Mandy Patinkin, the Tony Award-winning Broadway star whose latest television gig is Showtime’s hot series Homeland, is testing a new show titled Let Go this week at the Aventura Arts & Cultural Center.
Described as an intimate concert in which Patinkin creates “musical photographs” by singing the songs of such composers as Harold Arlen, Irving Berlin, Stephen Sondheim, Leonard Bernstein and Tom Waits, it’s called a world premiere on the center’s website, but critics have been asked not to review it.
Patinkin spokesperson Catherine Major explains in an email: “The engagement at Aventura ... will be his first presentation of the show to a live audience, and it will evolve from that point forward. Given that the show is currently not fully realized, reviews by theater critics would be premature.”
Performances of Let Go are 8 p.m. Thursday-Saturday and 2 p.m. Saturday and Feb. 26 at the center, 3385 NE 188th St., Aventura. Tickets are $75 and $85; 954-462-0222, www.aventuracenter.org.
Christine Dolen
World premiere
The SoBe Institute of the Arts on Friday presents the world premiere of Hamlet Soundtheater/Opera by Carson Kievman, the institute’s executive artistic director. Commission by Joseph Papp, founder of New York’s Public Theater, the work is described as a “radically re-imagined musical setting” of Shakespeare’s tragedy.

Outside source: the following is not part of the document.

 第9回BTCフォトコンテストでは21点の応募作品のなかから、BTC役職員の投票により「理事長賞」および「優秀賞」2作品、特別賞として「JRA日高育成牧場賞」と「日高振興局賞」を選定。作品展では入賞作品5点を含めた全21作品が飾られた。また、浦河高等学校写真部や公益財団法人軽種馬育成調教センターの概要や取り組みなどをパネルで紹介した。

"I worked on Hamlet Soundtheater/Opera with Papp for four years, and his intention was to produce it at the Delacorte Theater in Central Park," Kievman said in a statement. After the legendary theatrical producer’s 1991 death, "I placed it in my desk drawer, and there it remained for 21 years, until now."

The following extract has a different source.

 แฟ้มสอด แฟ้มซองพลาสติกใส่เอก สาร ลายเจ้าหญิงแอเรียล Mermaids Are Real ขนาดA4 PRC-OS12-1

Conducted by John Yaffé, the production will feature a cast of 13 including baritone Kenneth Mattice as Hamlet, soprano Meagan Brus as Ophelia and bass Michael Douglas Jones as Claudius and the ghost of Hamlet’s father.
Tickets for weekend performances of the opera at the Little Stage Theater, 2100 Washington Ave., Miami Beach, are $100 on opening night and $25 ($12.50 students and seniors) thereafter through March 11 at 305-674-9220 or www.sobearts.org.
Warner does Hughes
To celebrate Black History Month, actor-director (and former Cosby Show cast member) Malcolm-Jamal Warner will appear at the South Miami-Dade Cultural Arts Center Thursday with the Ron McCurdy Quartet in a performance of poet Langston Hughes’ Ask Your Mama.
The 800-line, 12-part poetic suite was written in 1961, with original jazz added later by McCurdy and Eli Brueggeman. The performance includes video images of the Harlem Renaissance.
Tickets to the 8 p.m. performance at the center, 10950 SW 211th St., Cutler Bay, are $10-$30, with $5 youth tickets available through www.cultureshockmiami.com and $5 off orchestra seats for students, seniors and active military personnel.
A 6 p.m. VIP reception honoring Miami-Dade County Commissioner Dennis C. Moss is $50 (ticket included), with proceeds benefitting the center’s education and outreach programs; 786-573-5300, www.smdcac.org.
Christine Dolen
Art in the Garden
Following its successful art installations each winter, Fairchild Tropical Botanic Garden launched a Thursday night series of art talks, now in its second season. Yet to go this year: Silvia Cubina, director of the Bass Museum of Art, on Feb. 23; Cathy Leff, director of the Wolfsonian-FIU Museum on March 15 and collectors Don and Mera Rubell of the Rubell Family Collection on March 29. Lectures begin at 7 p.m. and are free from members. The non-member charge is $25 for adults, $18 for seniors 65 and up and $12 for children 6-17.